10. We address Hoskins's constitutional challenge to the social media evidence in part I.B.2.d., post.
11. Overt act 103 alleged, “On or about May 9, 2014, Emanuel Peavy posed in a photograph with a firearm wearing a red ‘THS’ (Tiny Hit Squad) shirt with ‘Brims,’ and ‘Fuck Crabs’ on the back of the shirt.” Overt act 104 alleged, “On or about May 10, 2014, the message, ‘Fuck Wet Toast!!!!!!!!! 3-11 Till My Motherfuckin DEATH,’ was posted to Leron Johnson's Facebook account.”
12. Overt act 15 alleged, “On or about June 6, 2012, Dionte Simpson posed in a video posted onto Youtube displaying Fuck Neighborhood Crips hand signs with his right hand in the shape of a gun pointed at Neighborhood Crips hand sign.”
13. Simpson joins in this argument, asserting that Hoskins's First Amendment challenges to prosecution evidence applies equally to him.
14. Simpson joins in Ware's argument because it supports his argument that overt acts 76 to 81 arising out of this shooting were not proven.
15. The only evidence of Simpson's possible involvement in this shooting is the fact that Simpson drove a gold colored Lexus, and the statement of a witness that he saw a gold car in the area and that the shooters ran in the direction of the gold car.

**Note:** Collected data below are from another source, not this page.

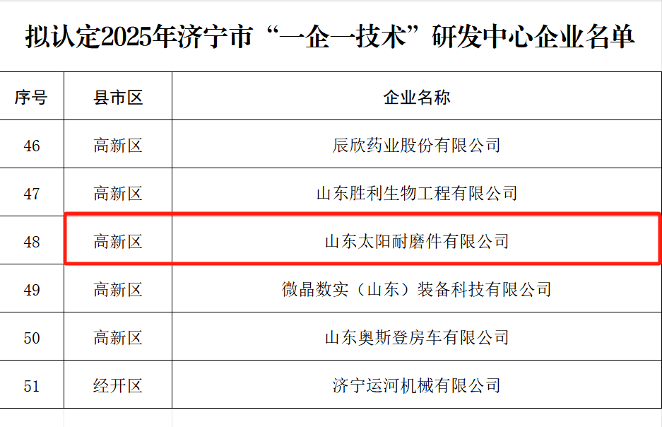Recently, the Industry and Information Technology Bureau of Jining City announced the list of "One Enterprise, One Technology" R&D center enterprises in Jining City for 2025, and Sun Wear resistant Parts Co., Ltd. was successfully selected.
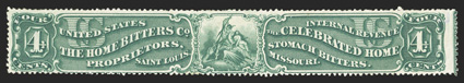 791 O RS130d Image#RS130d, The Home Bitters Co., 4c Green on watermarked paper, deep intense color and impression, shows part imprint in the right margin, minor thin spots, very fine appearance; ex-Joyce. (Image) $400.00
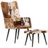 Chaise a oreilles avec repose-pied Marron Cuir veritable

This same witness testified that the men got into a tan or white ‘90s model Ford Crown Victoria.’ Additionally, about a month after this shooting Simpson gave the gun involved in this shooting to his girlfriend. The girlfriend stated the Simpson passed guns to lots of people.
26. After we issued our opinion, Ware filed a petition for rehearing raising a new issue based on Senate Bill No. 136, which became effective January 1, 2020. Because we have vacated Ware's sentence, Ware should raise this issue at his resentencing hearing.
Benke, Acting P. J., and Huffman, J., concurred.